Your reply should be an exact copy of every entry, with the pictures removed.
========================
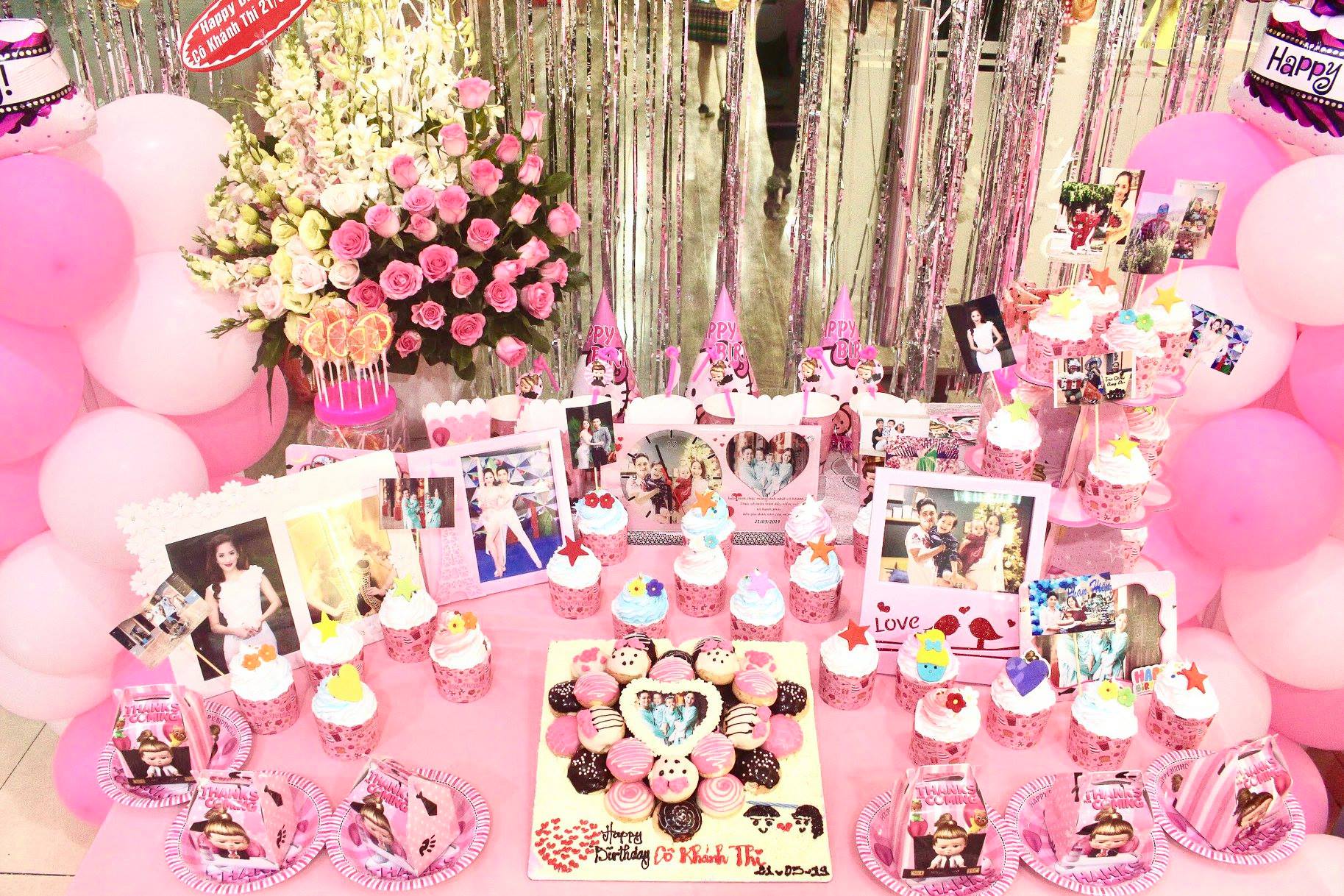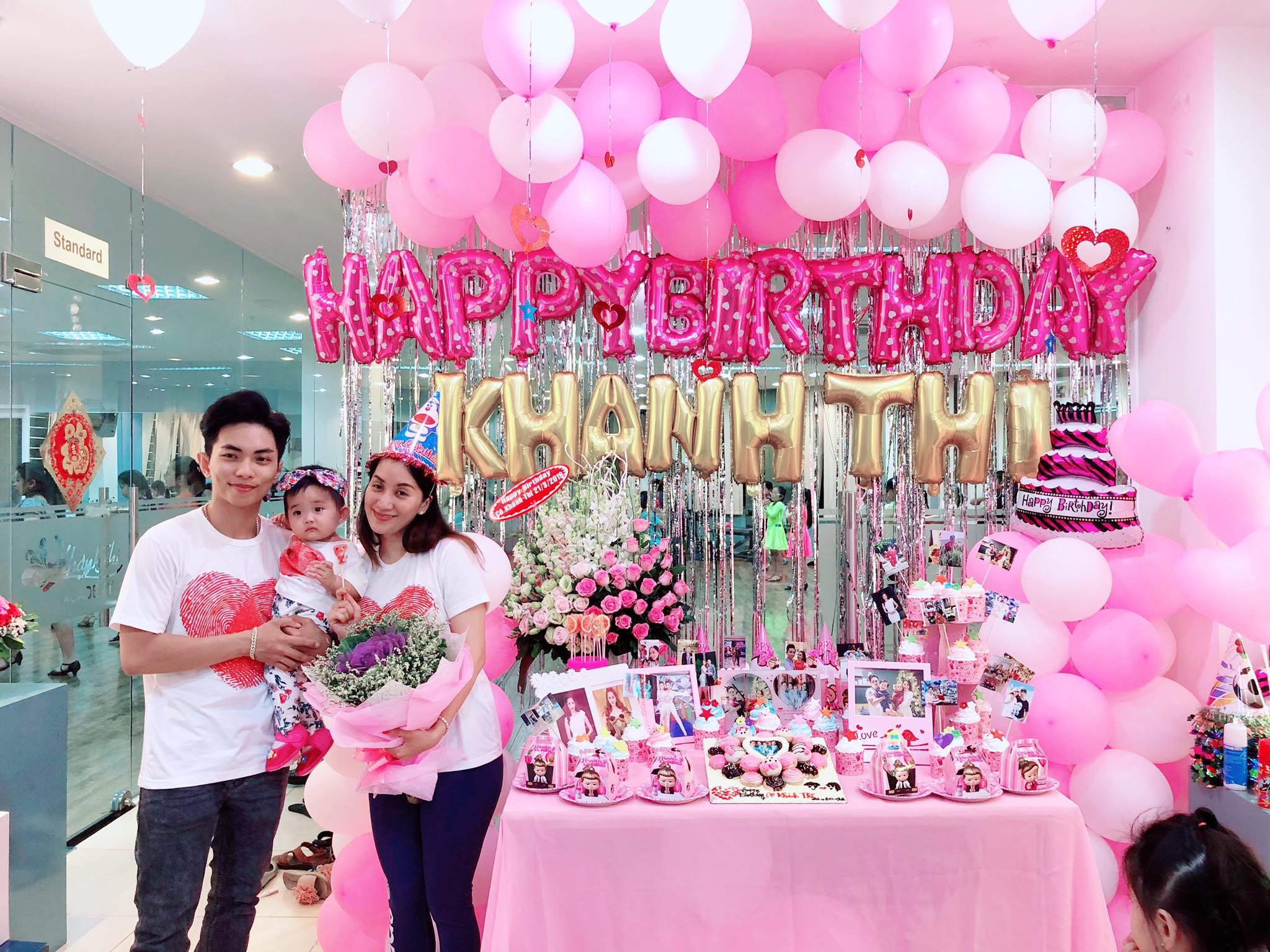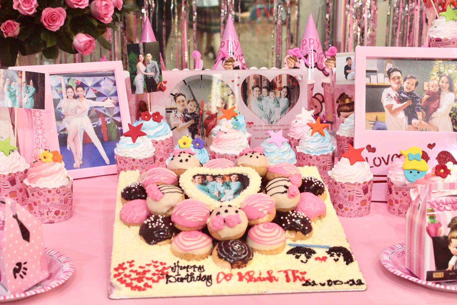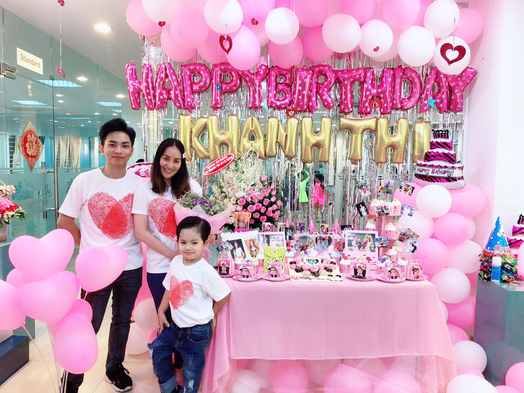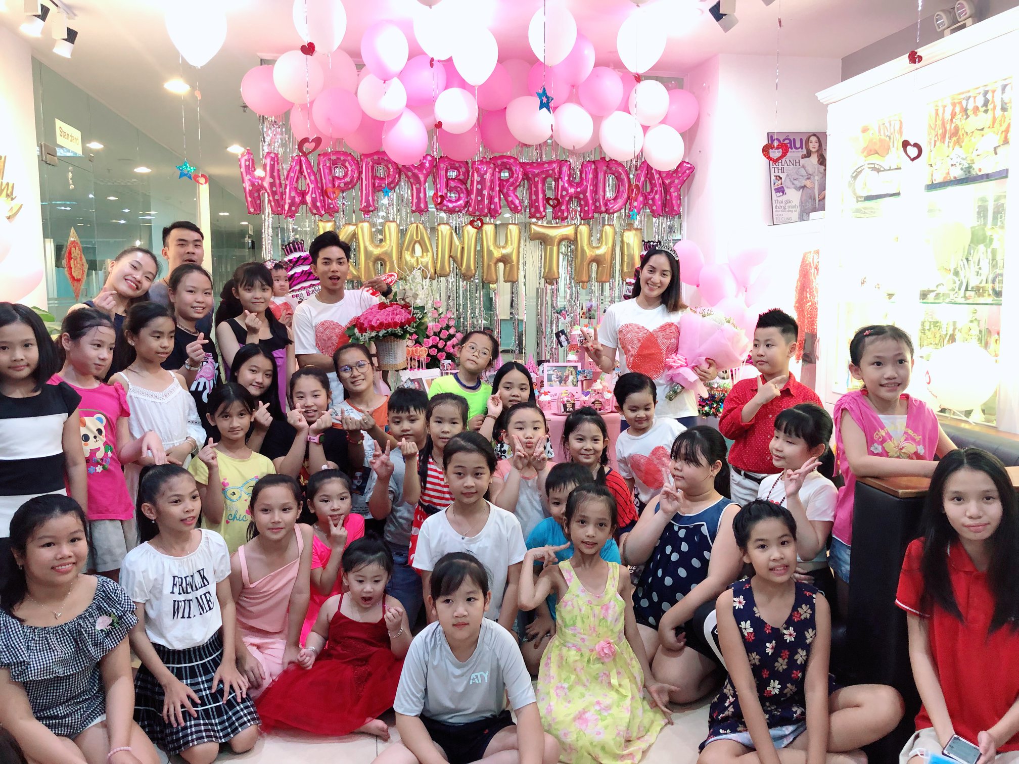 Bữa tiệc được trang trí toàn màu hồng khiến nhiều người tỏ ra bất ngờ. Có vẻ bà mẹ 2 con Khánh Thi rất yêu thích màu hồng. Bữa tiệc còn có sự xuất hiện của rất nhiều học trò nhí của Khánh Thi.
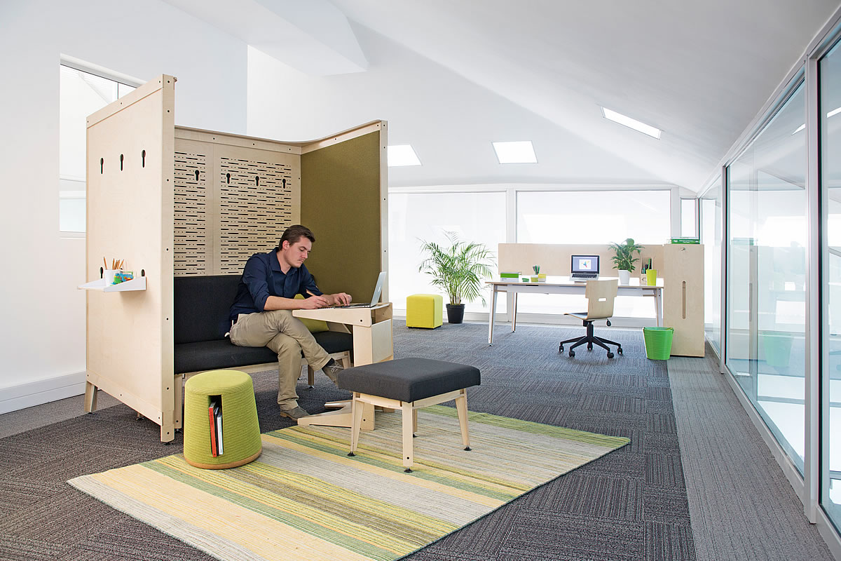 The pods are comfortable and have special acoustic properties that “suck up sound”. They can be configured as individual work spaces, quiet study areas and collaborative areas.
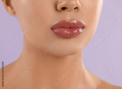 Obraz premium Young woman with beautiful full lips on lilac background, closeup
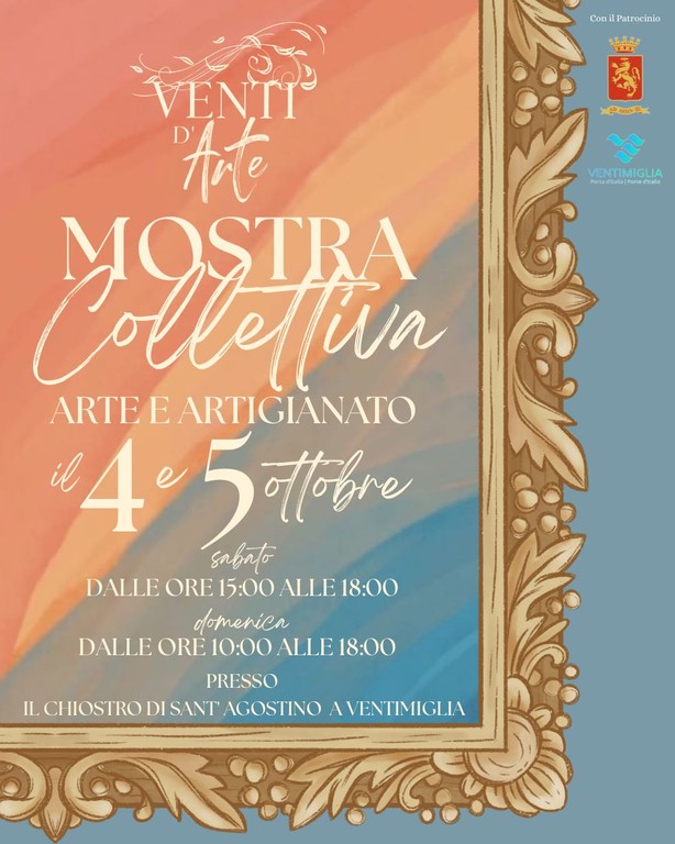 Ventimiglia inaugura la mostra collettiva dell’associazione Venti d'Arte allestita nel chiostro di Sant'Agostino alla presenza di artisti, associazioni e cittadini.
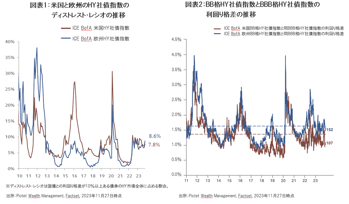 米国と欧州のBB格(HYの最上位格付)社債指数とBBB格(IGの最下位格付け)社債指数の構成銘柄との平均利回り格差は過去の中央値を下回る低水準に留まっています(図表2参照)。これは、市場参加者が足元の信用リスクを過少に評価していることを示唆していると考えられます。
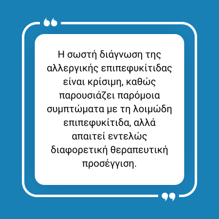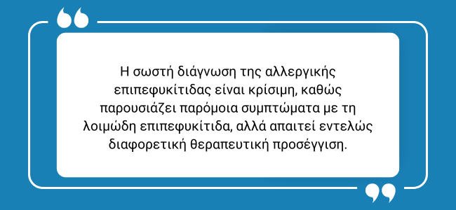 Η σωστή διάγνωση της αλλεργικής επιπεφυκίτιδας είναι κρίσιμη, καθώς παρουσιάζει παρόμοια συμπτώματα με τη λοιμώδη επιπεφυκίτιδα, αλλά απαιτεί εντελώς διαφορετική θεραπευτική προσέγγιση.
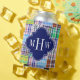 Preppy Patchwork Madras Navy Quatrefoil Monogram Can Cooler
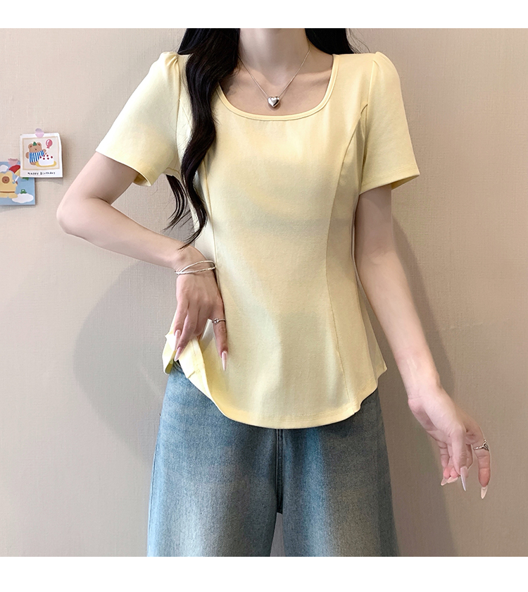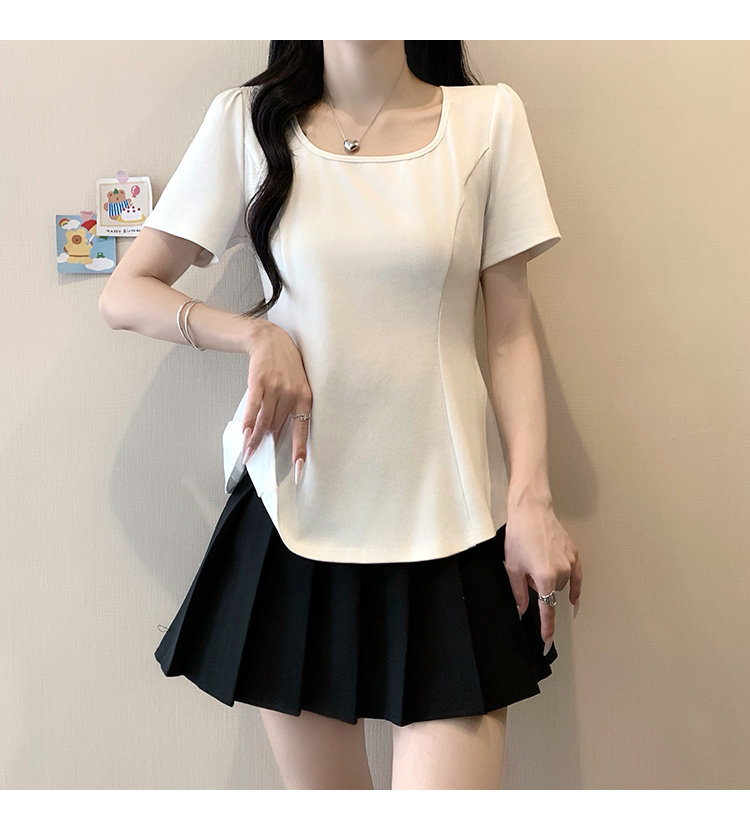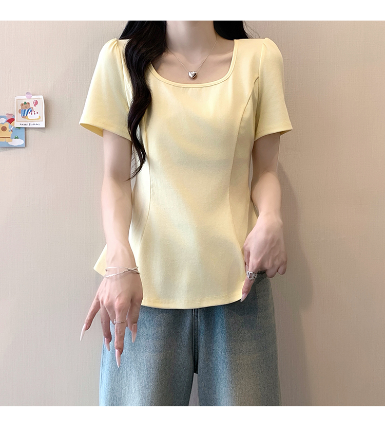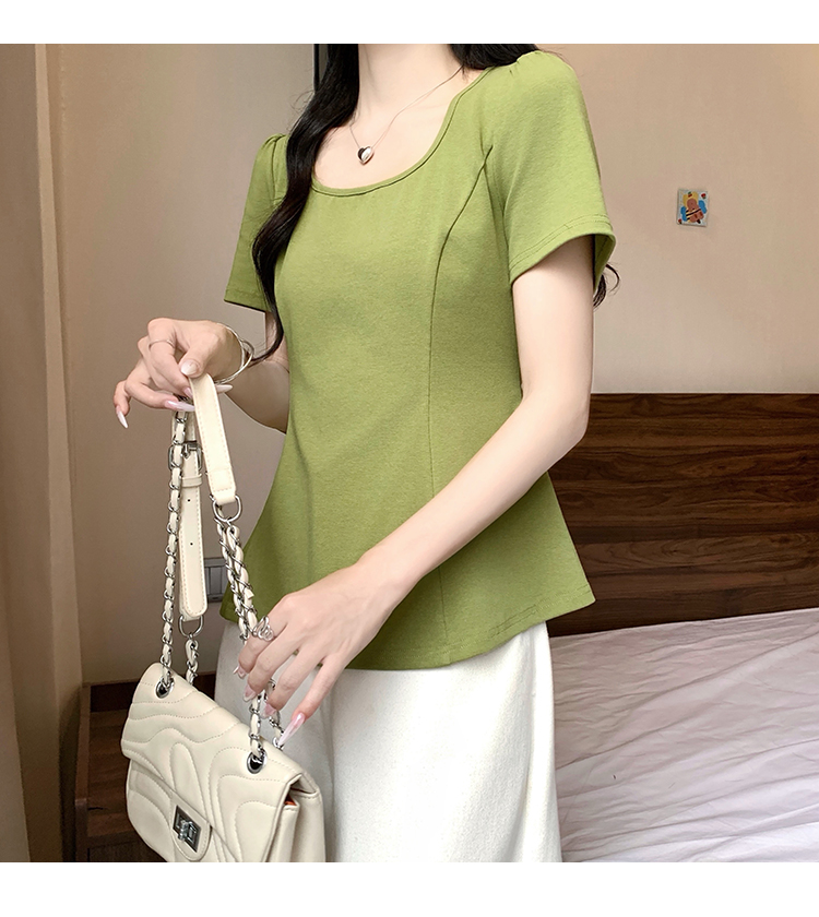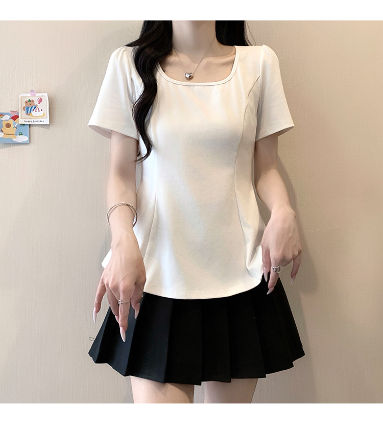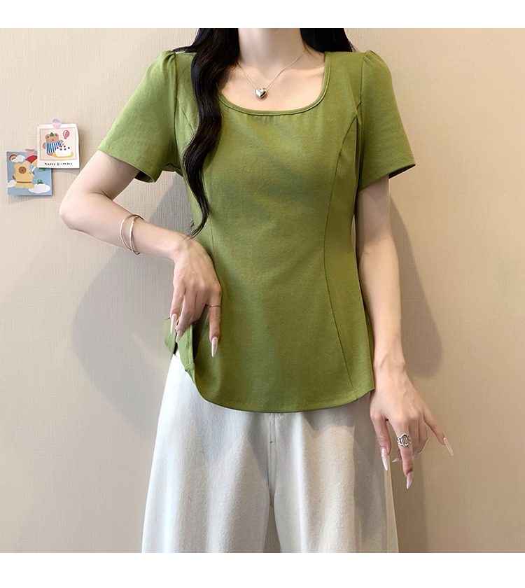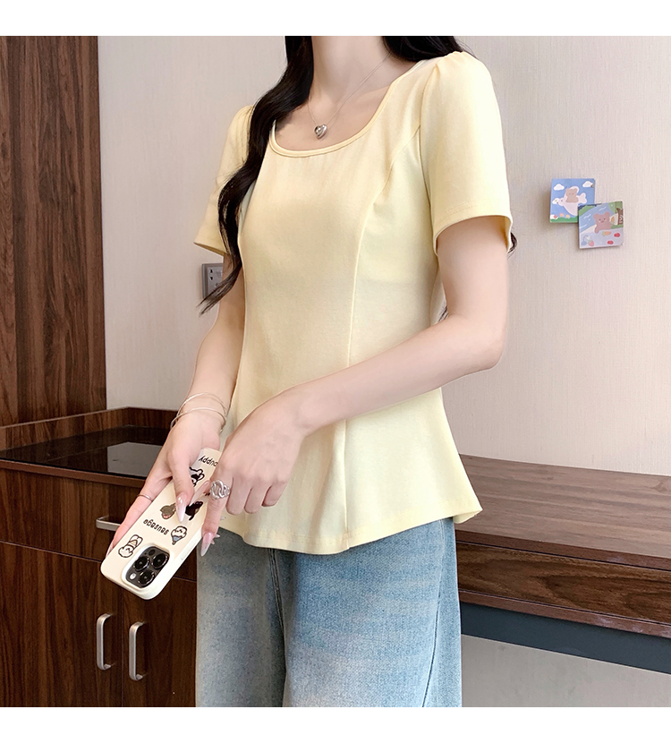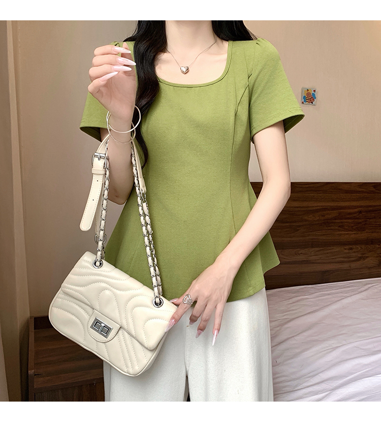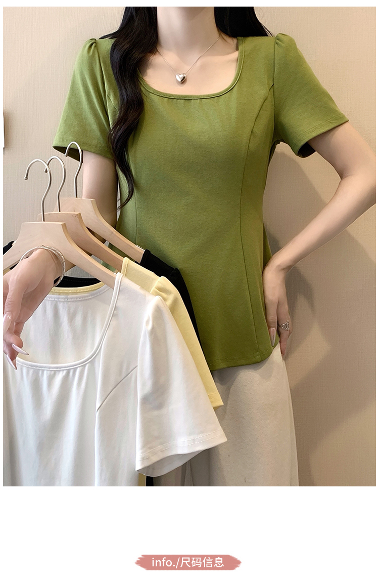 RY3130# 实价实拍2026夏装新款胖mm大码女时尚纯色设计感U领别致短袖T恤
========================
**Output of the exercise:**
 Bữa tiệc được trang trí toàn màu hồng khiến nhiều người tỏ ra bất ngờ. Có vẻ bà mẹ 2 con Khánh Thi rất yêu thích màu hồng. Bữa tiệc còn có sự xuất hiện của rất nhiều học trò nhí của Khánh Thi.
 The pods are comfortable and have special acoustic properties that “suck up sound”. They can be configured as individual work spaces, quiet study areas and collaborative areas.
 Obraz premium Young woman with beautiful full lips on lilac background, closeup
 Ventimiglia inaugura la mostra collettiva dell’associazione Venti d'Arte allestita nel chiostro di Sant'Agostino alla presenza di artisti, associazioni e cittadini.
 米国と欧州のBB格(HYの最上位格付)社債指数とBBB格(IGの最下位格付け)社債指数の構成銘柄との平均利回り格差は過去の中央値を下回る低水準に留まっています(図表2参照)。これは、市場参加者が足元の信用リスクを過少に評価していることを示唆していると考えられます。
 Η σωστή διάγνωση της αλλεργικής επιπεφυκίτιδας είναι κρίσιμη, καθώς παρουσιάζει παρόμοια συμπτώματα με τη λοιμώδη επιπεφυκίτιδα, αλλά απαιτεί εντελώς διαφορετική θεραπευτική προσέγγιση.
 Preppy Patchwork Madras Navy Quatrefoil Monogram Can Cooler
 RY3130# 实价实拍2026夏装新款胖mm大码女时尚纯色设计感U领别致短袖T恤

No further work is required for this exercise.